Improving dataset loader and preprocess script
There are some severe speed issues with the preprocess and data loader script and this oftens makes benchmarking a rather tedious process. I'll work on clearing up the technical debt here (mostly mine 😅).
Starting with the preprocess script the current time taken is as follows (noting that I've already done some optimization here for loading the file). This is from the sx-stackoverflow set to cutoff at 20M edges.
Namespace(dataset='sx-stackoverflow', base=10000000, percent_change=2.0, cutoff_time=20000000)

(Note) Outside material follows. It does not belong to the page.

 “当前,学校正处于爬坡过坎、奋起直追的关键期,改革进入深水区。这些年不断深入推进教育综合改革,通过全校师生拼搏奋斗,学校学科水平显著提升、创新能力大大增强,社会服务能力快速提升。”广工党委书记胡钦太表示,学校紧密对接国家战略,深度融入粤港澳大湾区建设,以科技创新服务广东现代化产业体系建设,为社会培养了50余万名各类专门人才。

[CHECKPOINT]::FILE_PARSING_COMPLETED in 31.958895921707153s
[CHECKPOINT]::PREPROCESS_GRAPH in 661.6636250019073s
[CHECKPOINT]::JSON_DUMP in 95.33747601509094s
I tried tweaking around with this a bit but I think this is acceptable and hence moving on.
Okay so I have identified a few repeated operations in the data loading pipeline. Right now the flow is
Dataset (edge list) ----(Preprocessor)--> JsonData (add/delete list) ----(Data loader)--> GraphObj (edge list) ---(GraphObjConstructor)--> GPMA format (add/delete list)

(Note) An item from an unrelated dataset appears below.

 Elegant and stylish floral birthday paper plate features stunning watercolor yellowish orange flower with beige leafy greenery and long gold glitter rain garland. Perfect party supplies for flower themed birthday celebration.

I think we can drop the last two conversions and just pipe in the original edge list and add/delete list. @nithinmanoj10 any opinions against this approach?

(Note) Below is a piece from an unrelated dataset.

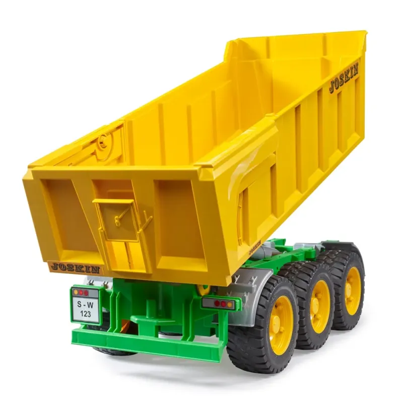 Belgijos gamintojo Joskin 3 ašių savivartis yra viena didžiausių ir sunkiausių savivarčių priekabų rinkoje. Šių „monstrų“ originalai, skirti sunkiems kroviniams krauti ir vežti ekstremaliomis sąlygomis, pavyzdžiui, dirbant po žeme ar žemės ūkyje nelygioje vietovėje, keliamoji galia iki 24 tonų arba iki 29 kubinių metrų talpos. Įspūdingas BRUDER modelis sukurtas taip pat, kaip ir originali Trans-SPACE serija, ir turi sulankstomą ir fiksuojamą savivartį su automatiniu galinių durų atidarymu. Trijų ašių važiuoklė kompensuoja bet kokio reljefo nelygumus. Ši savivartė priekaba idealiai dera su naujos kartos Profi serijos traktoriais, kurie jau pradžiugino daugelį klientų.

I'll try making the changes to see if there is some dependency I missed.
Starting with the preprocess script the current time taken is as follows (noting that I've already done some optimization here for loading the file). This is from the
sx-stackoverflowset to cutoff at 20M edges.Namespace(dataset='sx-stackoverflow', base=10000000, percent_change=2.0, cutoff_time=20000000) [CHECKPOINT]::FILE_PARSING_COMPLETED in 31.958895921707153s [CHECKPOINT]::PREPROCESS_GRAPH in 661.6636250019073s [CHECKPOINT]::JSON_DUMP in 95.33747601509094sI tried tweaking around with this a bit but I think this is acceptable and hence moving on.
In which file did you benchmark the preprocessing steps? @JoelMathewC
I'm running tests on benchmarking/dataset/preprocessing/preprocess_temporal_data.py. I'll push the changes I made soon. I'm still running a few tests myself.